If he had been himself in the midst of these distortions, it might not have been so bad. But, increasingly, he was not. Day after day he became more concerned that his fingers were growing backward into his hands, his hands withdrawing into his arms. He spent hour after hour measuring his hands against the bricks in the cell walls. He always seemed to get different results-sometimes encouraging, sometimes not.

There were times he knew his obsessions were just that: the madness working its way into his mind. But, in a way, that made it worse. There was nothing he could do to stop the madness. If he ever made it free from the cell, he would still be a prisoner of the madness.

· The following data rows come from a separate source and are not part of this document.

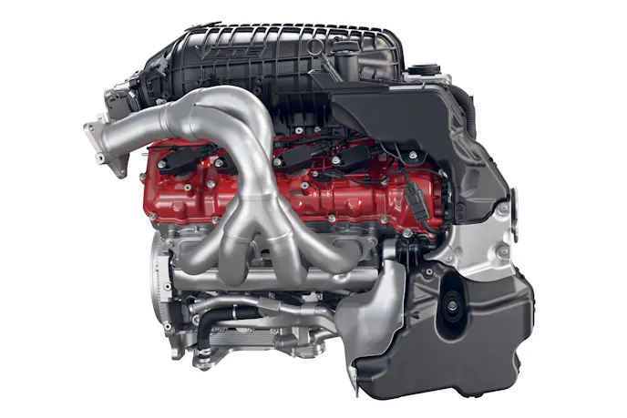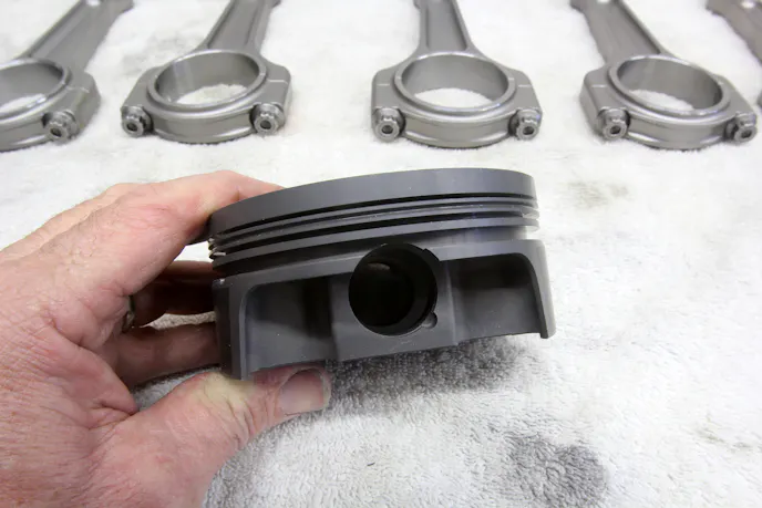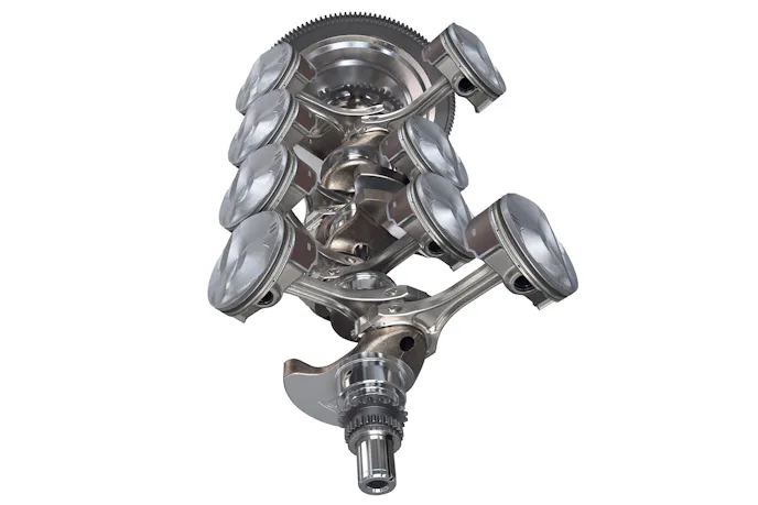 Another variable that affects secondary vibration in flat-plane crank engines is the weight of the piston and rod assembly. In the case of the new GM LT6, they employed a short skirt, forged-alloy pistons combined with titanium connecting rods, both to reduce reciprocating weight, which allows the engine to rev quicker, but also to help reduce the effect of secondary imbalance.
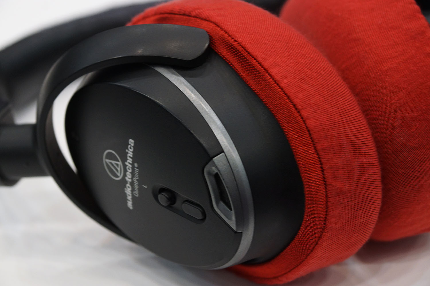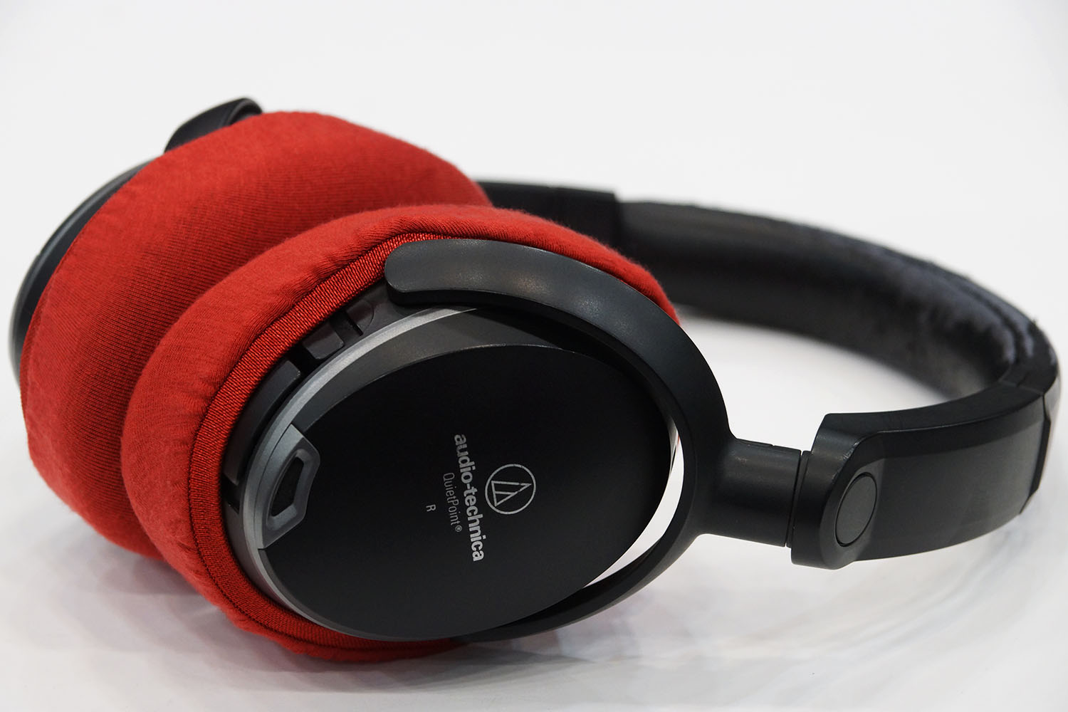 mimimamo를 부착했을 때의 착용감 audio-technica ATH-ANC9의 이어패드 수리 및 착용감 개선을 위해 mimimamo를 사용하는 경우 (※사진은 L 사이즈 착용 예시*촬영 협조:제22회 헤드폰 대응표 협력 캠페인 참가자 여러분)
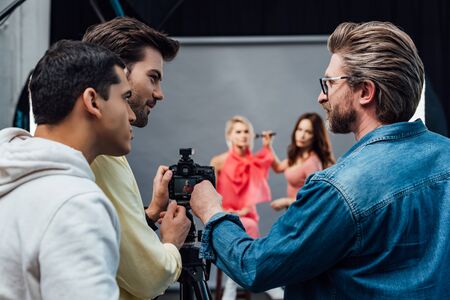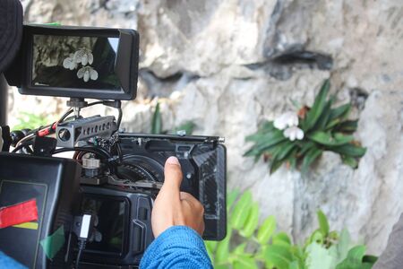 Recording video at studio. Camera records or filming for professional bloggers. Behind the scenes of filming video production. film crew on the set in film studio. Backstage video production recording
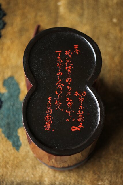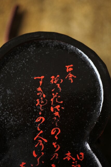 底には漆で和歌が掛かれています
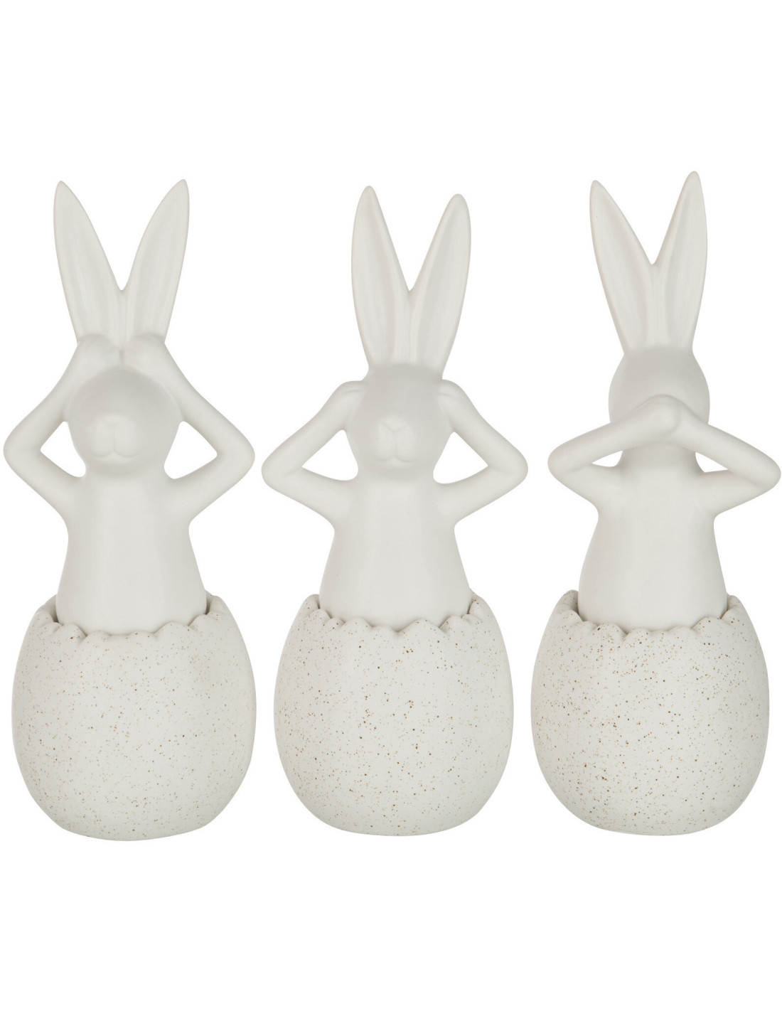 Statuettes déco Lapins Entendre Voir Se taire Hauteur 25 cm en Céramique Blanc Lysko (Lot de 3)

He wondered, too, if he had the courage to leave the cell anymore. Khretnurrliu was outside all the time, now, very close to the bars. Often he held his severed head through the bars, and the rotting lips whispered silent threats and unspeakable curses against the man who had killed him. The only way Morlock could escape was to not be that man somehow. The madness, the cell, became his refuge. He feared the ghosts and the freedom that lay without.

Hate could help him with this, and sometimes he drank deep of it, trem bling with the desire to kill his tormentors as he had killed Khretnurrliu. But this, too, had its dangers. Like any strong drink, like any drug, the rage left behind it a cold absence, a weakness that only the return of rage itself could heal.

In the arena of his mind, in the chaos of his heart, he fought thousands of battles every day. Sometimes, through the dim distorting vision of the world-as-it-was, he saw Rokhlenu peering at him with deep concern. He would have allayed his friend's concern if he'd known how.

Fortunately, Morlock's obsessions, his endless internal war, the fog he lived in day and night-all these things made him a very boring prisoner. Occasionally he engaged in low-voiced conversations with Rokhlenu, but apart from that he sat by the cell bars day and night, rocking back and forth and flexing his muscles to keep from cramping. The guards kept close watch on him at first, but eventually they grew used to seeing him there and they relaxed their vigil.

It was necessary to sit by the doorway for a simple reason. Khretnurrliu was always just to the left or right of his field of vision. If he stayed by the door and refrained from looking into the cell, Khretnurrliu could not enter. It was a simple and reasonable solution to keep the ghost from entering and destroying them. Rokhlenu, when Morlock explained the matter to him, eventually agreed, although they didn't have many conversations after that. More often, Morlock saw him in low-voiced converse with Hrutnefdhu on the other side of the cell door.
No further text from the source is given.